The biggest takeaway from these investigations is that, while sabermetrics has vastly changed the way baseball is measured and analyzed, there’s a lot of work left to do. A lot of common knowledge seems to be downright wrong; and some of it is so pervasive that statistical analysis can’t even be done to even investigate whether conventional wisdom merits a reinvestigation.

Bibliography

[1] T. Verducci, "Great Moments in Sabermetric History," Sports Illustrated, 26 September 2011.

[2] T. Verducci, "The Art of Winning An (even More) Unfair Game," Sports Illustrated, 26 September 2011.

[3] L. Cappetta, "Sabermetrics: Are New Age Numbers in Baseball Replacing Common Sense?," Bleacher Report, 31 March 2012.
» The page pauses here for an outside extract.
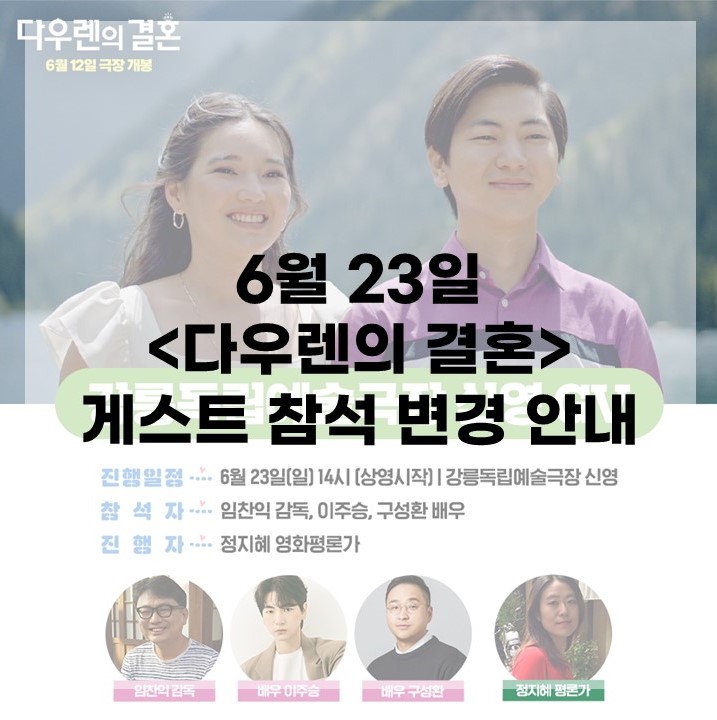 6월 23일(일) 오후 2시에 예정된 <다우렌의 결혼> 씨네토크 관련하여 게스트의 사정상 구성환 배우는 불참하게 되었습니다. 관객 여러분의 양해 부탁드립니다.

[4] J. Crasnick, "Plate Discipline So Important Nowadays," ESPN, 5 May 2009.

[5] "Left Handed Catchers," [Online]. [Accessed 4 Novermber 2012].

[6] A. Schwarz, "Left-Handed and Left Out," New York TImes, 15 August 2009.

[7] M. Lewis, Moneyball: The Art of Winning an Unfair Game, W.W. Norton & Company Inc., 2003.

[8] D. Walsh, "A Simple Rule of Thumb for Statistically Significant Correlation," [Online]. Available: http://frank.mtsu.edu/~dwalsh/436/CORRSIG.pdf. [Accessed 2 12 2012].

[9] R. Dickey, Interviewee, R.A. Dickey On "Winding Up" As A Knuckleballer. [Interview]. 10 April 2012.

[10] A. M. Nathan, "Analysis of Knuckleball Trajectories," in 9th Conference of the International Sports Engineering Association, 2012.

[11] H. Cruz, "Remembering Roberto Clemente," ESPN, 2 October 2012.

[12] S. Lahman, "Lahman's Baseball Database," 2012.